Internet : bodegasmonje.com
Le scarabée de Santa Cruz
L’auditorium de Santa Cruz rappelle l’opéra de Sydney par sa blancheur et sa forme originale. Construit en septembre 2003 par Santiago Calatrava, connu en France pour la réalisation de la gare TGV de l’aéroport Lyon-Saint-Exupéry, l’édifice de Santa Cruz, tout en courbes et pointes, ressemble à un gros scarabée blanc. Il abrite des arches de 170 mètres de hauteur,sans support. Disposé au bord de l’océan, l’auditorium est un lieu culturel consacré à la danse, le théâtre et l’opéra.
La forêt primaire de Cruz del Carmen
La réserve de biosphère du massif d’Anaga, au-dessus de La Laguna, abrite le nombre d’espèces endémiques le plus élevé d’Europe. Avec son voile brumeux et les lichens abondants, la forêt de Cruz del Carmen plonge le promeneur dans le pays des elfes. La lumière baisse sensiblement dans cette forêt préservée grâce aux alizés. Genêts, lauriers, usnées (ou lichens) voisinent avec des bruyères de 20 mètres de hauteur et peuplent cette laurisylve ou monteverde typique des îles Canaries. Un cheminement piéton permet de ne pas se perdre et de ne pas abîmer la forêt.
Le site de Masca
Masca est un petit village perché du massif d’Anaga, tout en pierres et en escaliers au coeur d’une nature abondante. Accroché à la pente, il vit fort bien son aspect de site-musée et un sentier aménagé permet d’en faire le tour. Marchand de fruits typiques, représentation d’une habitante en habit de Guanche, tout est fait pour charmer le visiteur, souvent étranger. Mais c’est surtout le paysage et l’ambiance escarpée du lieu qui en font tout le charme.
Les informations utiles
Y aller
Depuis Bordeaux, vol direct avec la compagnie EasyJet (mercredi et dimanche) et Volotea (samedi et dimanche).
Météo
L’île est l’un des endroits les plus ensoleillés du monde en nombre de jours.
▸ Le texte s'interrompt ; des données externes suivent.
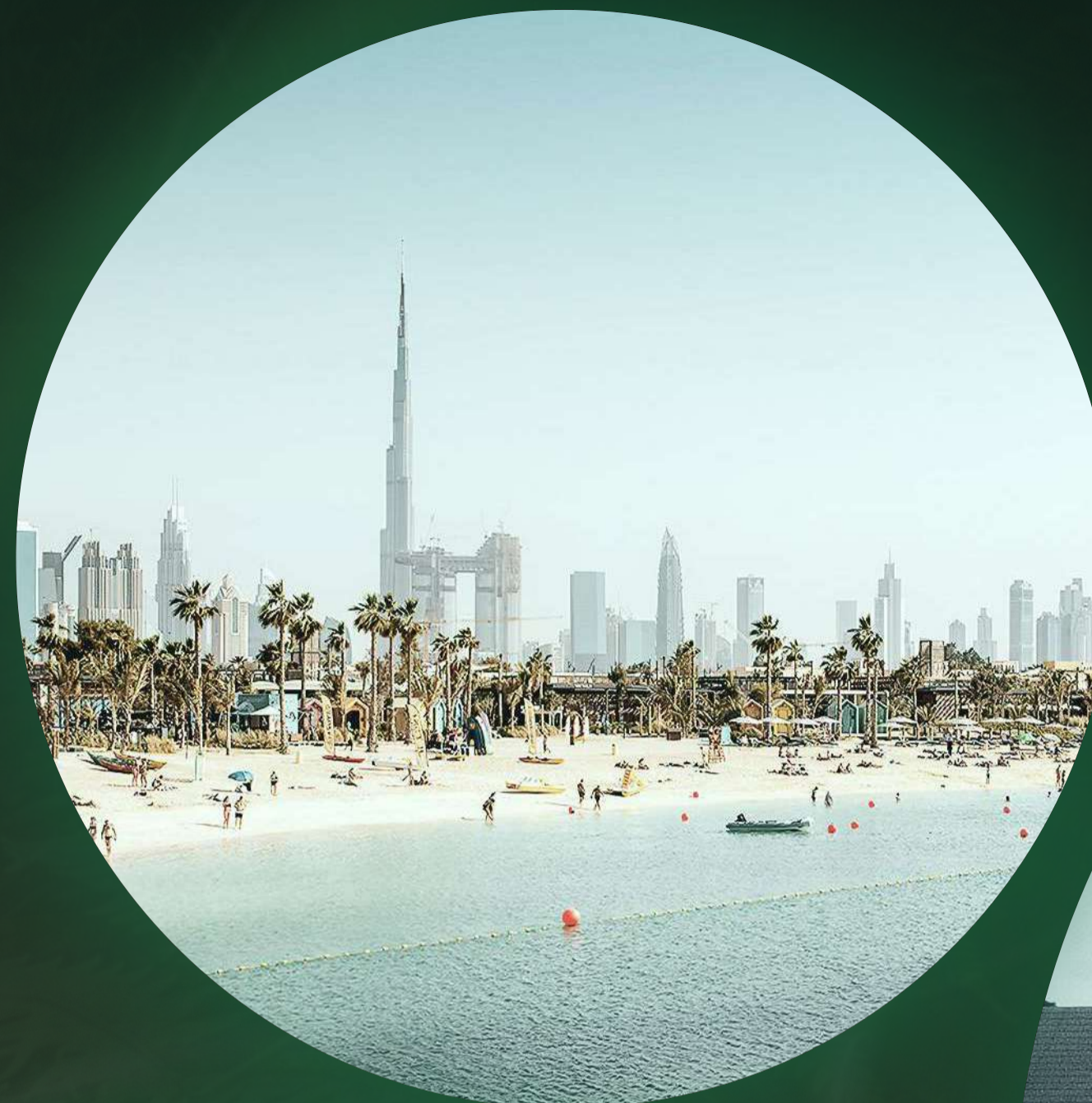
LA MER BEACH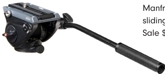
Manfrotto MVH500AH MF 500 head with sliding plate & flat base - Sale $179.95 Reg. $203.95

Manfrotto MVK500XV MF 190X3 Tripod with MVH500AH Video head and leveling base - Sale $419.95 Reg. $489.95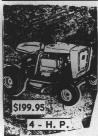
$199.95 4 - H. P.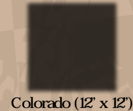
Colorado (12' x 12')

Wood species: Ipe (tabebuia sp.) Finish: pre-finished with protective oil. Plastic base: UV stabilized polyethylene. Packing: 12 tiles per box (6 for Double-C style)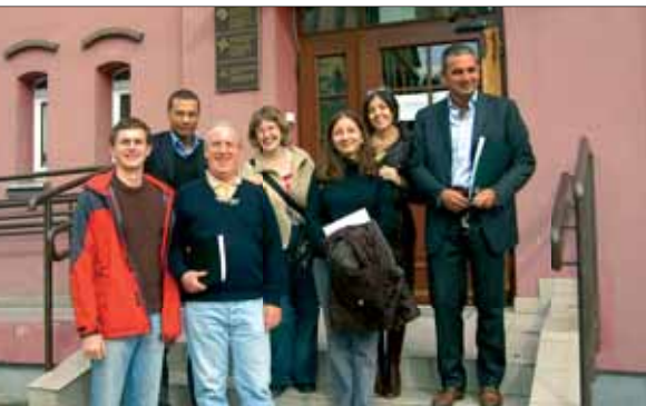
Transnational meeting in Foundation "Merkury", Walbrzych

This Law is the latest regulation, introduced in 2003. The new law addresses a number of key issues: including a new legal status for NGOs carrying out public benefit activities, incentives to encourage public philanthropy,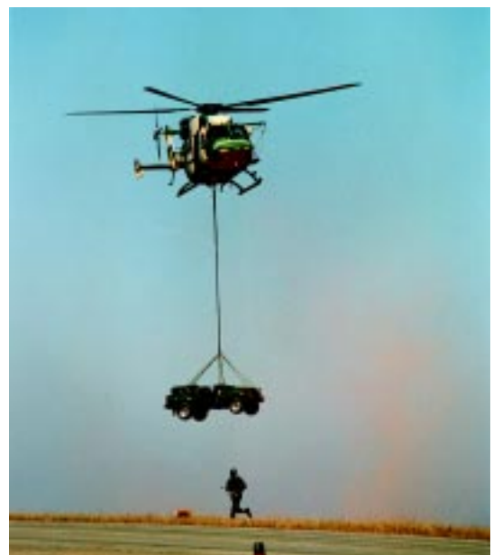
ALH 'Dhruv' helicopter airlifting a Jeep

parade, the three Service Chiefs laid wreaths at Amar Jawan Jyoti at India Gate and Air Force War Memorial at AF Station Palam. The parade was witnessed by the Marshal of the Air Force, COAS, CNS and AOC-in-C, WAC amongst other senior service dignitaries and MN & AAs of foreign missions. During the Investiture ceremony, a total of 46 awardees were invested with the awards which included VM(G), VM, Bar to VSM, VSM and Jeevan Raksha Padak Award. The parade was followed by a fly past and a first time 'Sarang Display' by Advanced Light Helicopters (ALHs), besides an aerobatics show by Surya Kiran Aerobatic Team (SKAT). In the evening on October 8, 2004, the CAS hosted a reception at Air House which was attended by the President, Vice President, Defence Minister, Leader of Opposition, Marshal of the Air Force, other service Chiefs and the distinguished invitees.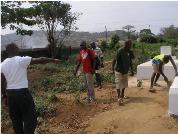
In the cemetery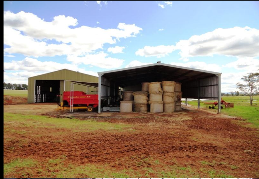
2 of 3 Sheds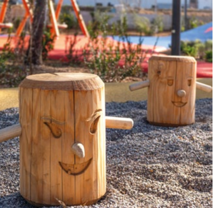
Special version, Order No. 4.24200 Trunk Seat

Les températures oscillent entre 15 et 24°C.
Devise
C’est l’euro qui a cours sur les îles Canaries. Les cartes bancaires sont le moyen le plus simple de régler vos dépenses.
Formalités
Il suffit d’une carte d’identité ou d’un passeport en cours de validité pour séjourner aux ïles Canaries.
Bon à savoir
Il existe un téléphérique pour atteindre le sommet du Teide. Pensez à vous habiller chaudement car il peut faire très froid, là-haut dans les nuages.
Bons plans
Pour les noctambules, la station balnéaire de Las Americas est le spot idéal avec ses pubs, ses discothèques, ses bars en bord de mer ou ses clubs de jazz plus calmes.
Se déplacer
Ténérife possède un réseau de transports en commun efficace. Un bus s’appelle une guagua (prononcez “goua-goua”). Mais attention, la fréquence est très variable entre la semaine et le week-end. Louer une voiture est donc fortement conseillé.